June 14, 2004
Texas Instruments (TI) is talking to telecommunications equipment manufacturers and network operators about adopting a unified DSL standard called Uni-DSL (UDSL) which incorporates all the DSL types - ADSL, ADSL2, ADSL2+, VDSL, VDSL2 and UHDSL (ultra high-speed DSL).
"We’re in discussions with worldwide operators on the concept and we’re in strategic discussions with key customers," said Michael Seidl, TI’s European DSL business development manager for broadband communications.
TI intends to start production of UDSL chip-sets in June 2005, with the first equipment to use them coming out in June 2006 and with projected mass deployment in June 2007.
The idea is to cater for the different geographical ambitions of the telcos and the different requirements of consumer with one universal chipset.
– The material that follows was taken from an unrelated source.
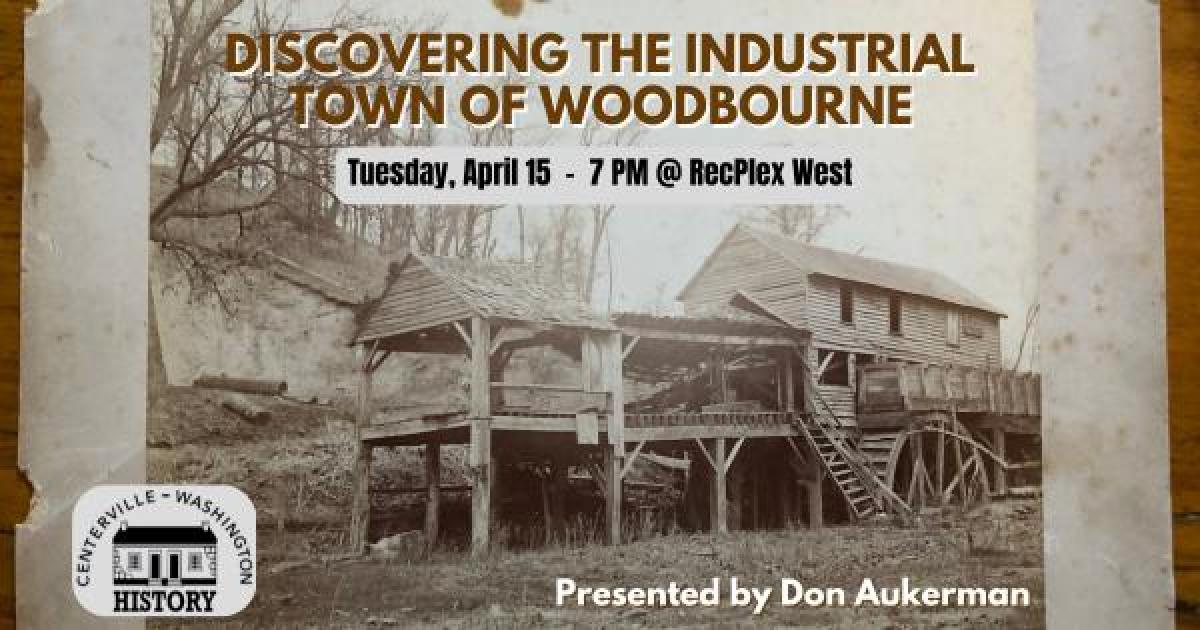 Centerville-Washington History presents: “Discovering the Industrial Town of Woodbourne,” presented by Don Aukerman, on Tuesday, April 15 at 7 pm at the RecPlex West auditorium.

For instance, France is focusing on video over low data rates (6-10Mbit/s); Italy is focusing on video over high speed DSL (10Mbit/s symmetric); the UK and Germany are mainly concerned with achieving 100 per cent coverage; Japan is going for fibre plus VDSL; Korea is targetting high data rate; China wants ADSL with reach extension and is not, yet, concerned with high data rate.
Therefore, a UDSL chipset ranging from the 8Mbit/s of ADSL up to the 100Mbit/s symmetric of UHDSL, should suit all geographies.
"It provides a universal service so a consumer can sign up to anything he likes," said Seidl. For network operators it allows the provision of the ‘triple play’ of voice, video and data.
UDSL will be backwards compatible with installed equipment. "It allows operators to provide all DMT-based services off one line, and on home gateways, making deployment more affordable," said Seidl.